She didn’t vanish into thin air. I received a text message from her informing me that she gone outside, seen the bus and got on it to go home. Apparently she had a headache and was almost falling asleep because she had, as she put it, ‘nothing to do or motivate her to stay energetic’. Apparently she was struggling. Apparently I knew this and for the last two days because I had worked at home (my son was really poorly so I thought it would be best if I worked from home) it had meant I had kept her there with nothing to do. Apparently this was unfair.
I should explain.
My (ex) nanny is pregnant. About 20 weeks. According to her, this isn’t something she planned and she only discovered she was when she was 12 weeks pregnant. Or so she says. The pregnancy and whooping cough leaflet I found on the buggy about five weeks after she started must have been someone else’s then…
Our nanny getting pregnant is something hubby and I joked about happening. We laughed about how it would be typical luck for us that we would take on someone to look after our son who then gets pregnant and we end up not only having to re-settle our son with someone else, but also be liable for maternity pay. We should never have tempted fate. Silly us for joking about it.

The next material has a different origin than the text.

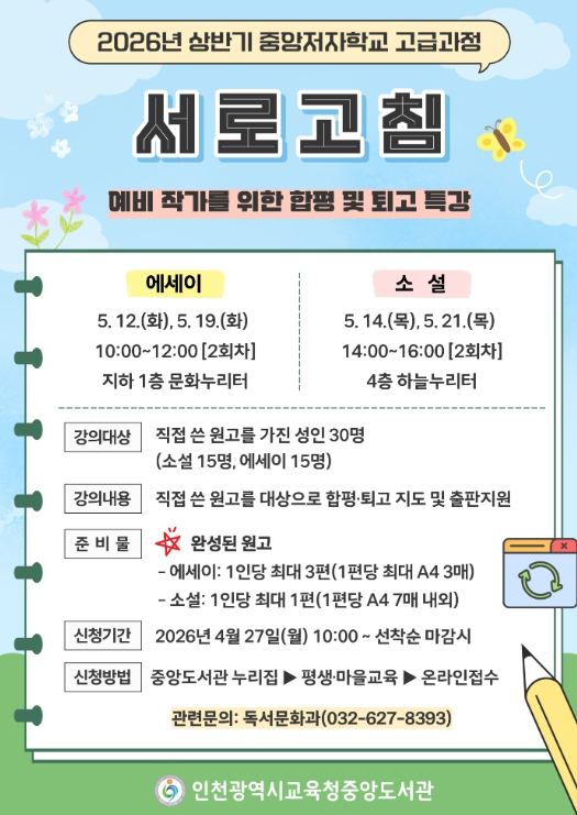 [파이낸셜경제=김기보 기자] 인천광역시교육청중앙도서관은 4월 27일부터 예비 작가를 위한 ‘중앙저자학교 고급과정’ 참여자를 모집한다.

When she started it was great. I found going back to work incredibly hard and after much searching I really did feel like I had found the right person to look after the most precious person in my life. I liked her manner, the way she was with son, the way she interacted with hubby and I. She came so highly recommended we really did think we had lucked out and for the first five weeks it was perfect. Then something changed.

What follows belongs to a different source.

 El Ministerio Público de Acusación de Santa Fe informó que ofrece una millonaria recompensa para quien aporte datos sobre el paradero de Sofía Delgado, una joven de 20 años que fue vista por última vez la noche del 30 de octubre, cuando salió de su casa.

She came in one day and looked incredibly flustered and distracted. It wasn’t a massive change and most people probably wouldn’t have noticed it, but I did. I did because I was so attuned to everything she did. I had to be. She was looking after my baby, I had to be aware of and notice even the slightest flicker of change in her. I didn’t obsess about it, I know everyone has up and down days and I didn’t expect her to be Mary Poppins. I was sure it was just ‘one of those days’, but I felt uneasy.
By my calculations the moment things changed was when she found out she was pregnant and this was about five weeks after she started. After finding the leaflet we suspected she was pregnant, but we didn’t take it too seriously. I don’t think we really wanted to believe it. So things simply carried on as they were. Me convinced something wasn’t quite right and worrying about it constantly and hubby in total agreement.
I should say that even though something had shifted and we felt there was something she wasn’t telling us, we never once doubted that she was doing a great job with our son. If I had ever had any doubts he was affected by this I would have terminated her employment immediately. He was absolutely fine, it was the rest of us treading on eggs shells.
A few weeks into ‘the change’ hubby and I could no longer take it and sat down with her to talk about how things were going so far; if she was enjoying the job; if there was anything else we could do to make life easier. She totally allayed our fears. She said she was happy, enjoying the job and there was nothing she wanted to change. It was like talking to a different person to the one who had turned up every morning distracted, looking stressed and that she would rather be anywhere else but in our flat. I started to wonder if I was imagining the whole thing.
This relief was temporary as things very quickly went back to us feeling like she wasn’t happy and we were back treading on egg shells. It was driving me mad, but it’s such a tricky situation when this person is looking after your child. I was terrified of doing anything to rock the boat especially when I knew in my heart of hearts that my child was in safe hands and ultimately she was good at her job.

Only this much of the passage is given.